It it crazy how put together a life can seem on the outside, whilst being wildly incomprehensive on the inside.
To peers, family and people on the street i am regarded as open, outgoing and well spoken. How come i feel the opposite? How can i be so outgoing when i spend six out of seven days a week alone in my family’s apartment? How can i be so well spoken when the only thing i think about whilst eating lunch with my friends at school is how horrible i am at making conversation.
I’ll admit it. I am good at introducing myself. When i am at a shopping centre, i do not hesitate to ask the staff for help finding an item. I find it easy to speak to strangers on the street. This well-spokenness i have when meeting new people, i know, comes from moving around a lot. In my life i have gone to nine different schools. And i am to be completely honest, i really like going to new schools; it gives me a chance to exercise those stranger-meeting skills (one of my best skills, if i were to say so myself.)

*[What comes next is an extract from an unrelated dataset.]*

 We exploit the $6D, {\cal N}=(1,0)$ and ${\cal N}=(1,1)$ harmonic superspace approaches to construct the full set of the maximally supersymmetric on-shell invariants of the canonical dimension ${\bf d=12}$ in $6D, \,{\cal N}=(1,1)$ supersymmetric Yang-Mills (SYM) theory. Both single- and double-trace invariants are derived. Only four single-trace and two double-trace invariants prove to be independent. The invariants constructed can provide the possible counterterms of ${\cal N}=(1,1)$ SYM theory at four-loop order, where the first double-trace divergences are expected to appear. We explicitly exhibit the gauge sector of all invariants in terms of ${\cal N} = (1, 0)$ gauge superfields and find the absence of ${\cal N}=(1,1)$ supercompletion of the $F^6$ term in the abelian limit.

But further than that i am hopeless. After eighteen months living in Oslo, as a sixteen year old girl, i cannot say that i have had a sleepover with another girl once. I have no bestfriend. I have gone to two different schools in this period of time, and i have not managed to make a single good girl-friend.
I have major anxiety when i’m with people 1on1, it’s always easier for me in groups. And i feel as that is a two-way street. If i’m ever with another person 1on1, they also feel uncomfortable.

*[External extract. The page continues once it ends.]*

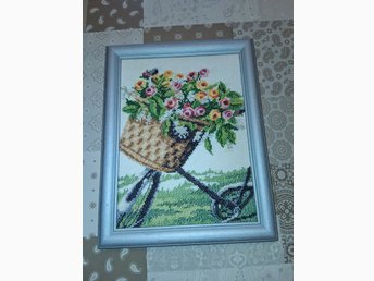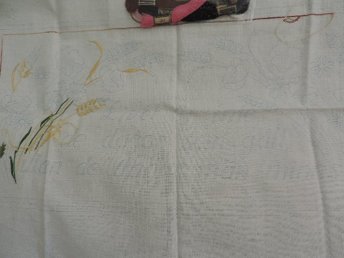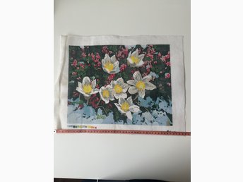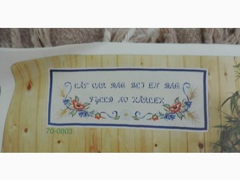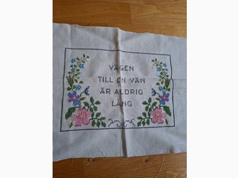 påbörjad bonad med garn "Livet är inte de dagar som gått ...."Läs i auktionen

After much thinking (i think about this constantly, every day since i was about 12) i have come up with a few reasons as to what my problem is (as i don’t know what my problem is), or what it may have derived from;
I have no humour
One of the key elements of any friendship is being able to laugh and make jokes. I can’t do this? I’m too serious, maybe. Not that i find frivolous things stupid, i just seem incapable of having a frivolous conversation.
It is all social anxiety
It might just be a thought i have in my head that i am horrible at talking to people, when in reality it’s just a thought i have. Yet, i don’t find this answer satisfying as i’ve looked at various sites and i don’t seem to fit into any of the social anxiety diagnostics.
I can’t keep a conversation because I’m plain boring. This could tie into the humour part.
I’ve talked about this with heaps of people, and i never felt as though anybody could relate. Please, i would love to hear what other people think about my dilemma.